§ **Action item**
Reproduce the full listing below unchanged, apart from the pictures.

§ **Supplied information**
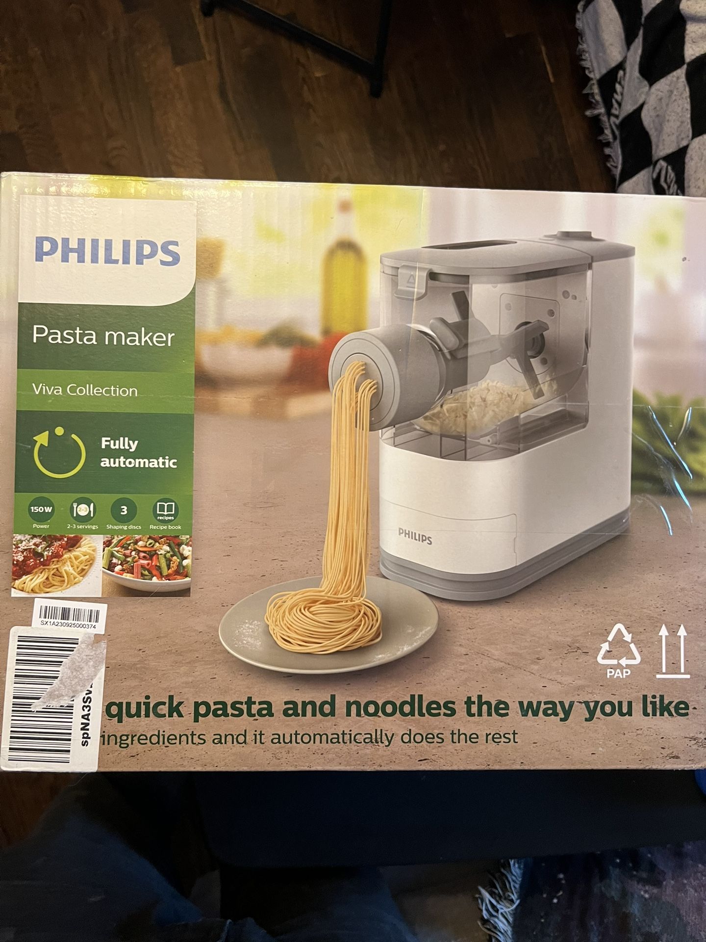 New in the box never opened Automatically kneads and extrudes 2-3 servings of fresh pasta in just 18 minutes thanks to uniquely designed stirring bar. Cord length : 40 Inches With the machine there are 3 default classic shaping discs for Spaghetti, Penne and Fettuccini. The special shaping discs enable a double extrusion process to assure smooth pasta and noodles consistently By using different flour and adding different ingredients like egg, herbs or spinach and carrot juice, you can make various types and flavors of pasta Space saving design allows you to keep it out on the counter for everyday use Smart built-in storage for shaping discs
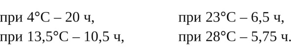 Как и у всего живого у них, естественно, имеет место половой процесс, который заключается в том, что обычно две внешне одинаковые, реже различные клетки сближаются и сливаются вместе – копулируют. При этом их содержимое объединяется, а затем внутри клетки образуется сумка – аск – особый орган спороношения, в котором развиваются аскоспоры37 (обычно по 8 спор в сумке). При благоприятных условиях дрожжи интенсивно размножаются почкованием, а при неблагоприятных гибнут, оставляя весьма устойчивые к воздействию окружающей среды споры. При почковании сбоку дрожжевой клетки вначале появляется бородавочка-почка. Она получает часть ядра и аскоспор от материнской клетки, быстро растёт, отделяется от материнской клетки и начинает жить как самостоятельный грибок. При некоторых условиях дочерняя почка, ещё не отделившись от материнской, образует другие почки, а те, в свою очередь, новые. В результате на поверхности бродильной жидкости возникает гладкая плёнка белого или бежевого цвета из сцепленных между собой грибков – дрожжевая колония. Время достижения дрожжевым грибком половой зрелости зависит от температуры и составляет [7]:
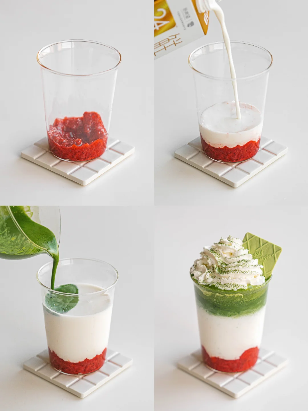 食材:鲜奶|草莓酱|抹茶液|奶油|饼干

§ **Solution to this problem**
 New in the box never opened Automatically kneads and extrudes 2-3 servings of fresh pasta in just 18 minutes thanks to uniquely designed stirring bar. Cord length : 40 Inches With the machine there are 3 default classic shaping discs for Spaghetti, Penne and Fettuccini. The special shaping discs enable a double extrusion process to assure smooth pasta and noodles consistently By using different flour and adding different ingredients like egg, herbs or spinach and carrot juice, you can make various types and flavors of pasta Space saving design allows you to keep it out on the counter for everyday use Smart built-in storage for shaping discs
 Как и у всего живого у них, естественно, имеет место половой процесс, который заключается в том, что обычно две внешне одинаковые, реже различные клетки сближаются и сливаются вместе – копулируют. При этом их содержимое объединяется, а затем внутри клетки образуется сумка – аск – особый орган спороношения, в котором развиваются аскоспоры37 (обычно по 8 спор в сумке). При благоприятных условиях дрожжи интенсивно размножаются почкованием, а при неблагоприятных гибнут, оставляя весьма устойчивые к воздействию окружающей среды споры. При почковании сбоку дрожжевой клетки вначале появляется бородавочка-почка. Она получает часть ядра и аскоспор от материнской клетки, быстро растёт, отделяется от материнской клетки и начинает жить как самостоятельный грибок. При некоторых условиях дочерняя почка, ещё не отделившись от материнской, образует другие почки, а те, в свою очередь, новые. В результате на поверхности бродильной жидкости возникает гладкая плёнка белого или бежевого цвета из сцепленных между собой грибков – дрожжевая колония. Время достижения дрожжевым грибком половой зрелости зависит от температуры и составляет [7]:
 食材:鲜奶|草莓酱|抹茶液|奶油|饼干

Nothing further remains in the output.